Nine Perfect Red Flags: What Nine Perfect Strangers Can Teach You

Why the Retreat in Nine Perfect Strangers Season 2 Represents Everything You Should Avoid in a Retreat

For me, retreats should be places of healing, reflection, and genuine personal growth. When I watched Nine Perfect Strangers season 2, I couldn’t help but think: this is a masterclass in what not to look for. The fictional retreat is packed with red flags—and I’ve pulled out nine that, in real life, would make me walk away fast.

1. Charismatic Leaders Who Demand Total Obedience
What stood out to me straight away was the pressure to surrender to one person’s authority. For me, a healthy retreat should empower, not create dependency on a leader’s personality or power. If it feels cult-like, that’s my cue to leave.

2. Secretive or Extreme Methods
I noticed participants being exposed to practices without full transparency, and often against their better judgment. Personally, I’d never join a retreat unless I have some kind of idea of what was involved – without wishing to lose some of the joy of uncertainty. Any place that relies on secrecy or shock tactics is a no from me.

3. Blurred Boundaries and Ethics
The facilitators in the show get far too entangled in people’s struggles. I value retreats that hold strong professional boundaries; they’re what make a space feel safe and respectful.

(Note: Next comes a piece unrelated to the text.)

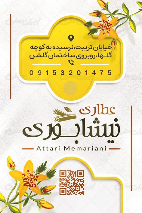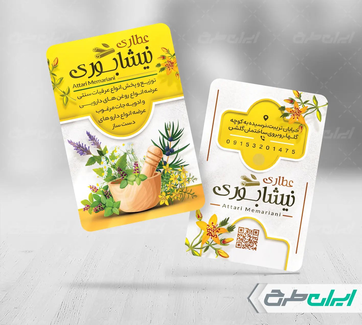 کارت ویزیت لایه باز عطاری توسط تیم ایران طرح جهت تبلیغات و بازاریابی این فروشگاه ها طراحی و در دسترس کاربران سایت قرار گرفته است.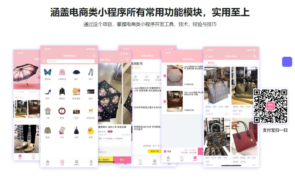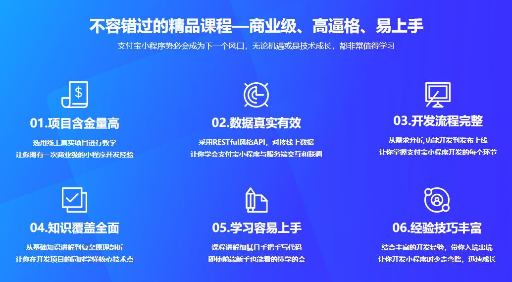 课程选用线上真实项目,带你积累商业级小程序开发经验;同时采用RESTful风格API,对接线上数据,突破小程序与服务端交互难题。从基础知识讲解到原理剖析,在开发的同时学懂核心技术点;课中结合老师丰富的开发经验,让你少走弯路,迅速成长。

4. One-Size-Fits-All Healing
Watching everyone pushed through the same intense processes, regardless of their history, really stood out to me as a problem. Healing is so personal. For me, a good retreat recognises that and honours each person’s pace and needs.

5. Quick-Fix Promises
The seductive promise of instant transformation might work in fiction, but I know from experience it doesn’t in real life. Growth takes time, integration, and gentleness. Any retreat offering instant enlightenment would instantly lose my trust.

6. Isolation and Pressure
In the series, participants are cut off from the outside world with little room to say no. I actually love the idea of unplugging, but only when it’s a choice. For me, a safe retreat must give participants freedom, not take it away.

7. Emotional Manipulation
Whilst it makes for good drama, guilt and shame were used to keep people compliant. For me, a genuine retreat supports autonomy and emotional safety—it never exploits vulnerability.

8. Lack of Support for Integration
I found it striking how intense experiences were left hanging, with no real guidance for participants afterwards. Integration is everything. Without it, insights just get lost—or worse, they can feel destabilising.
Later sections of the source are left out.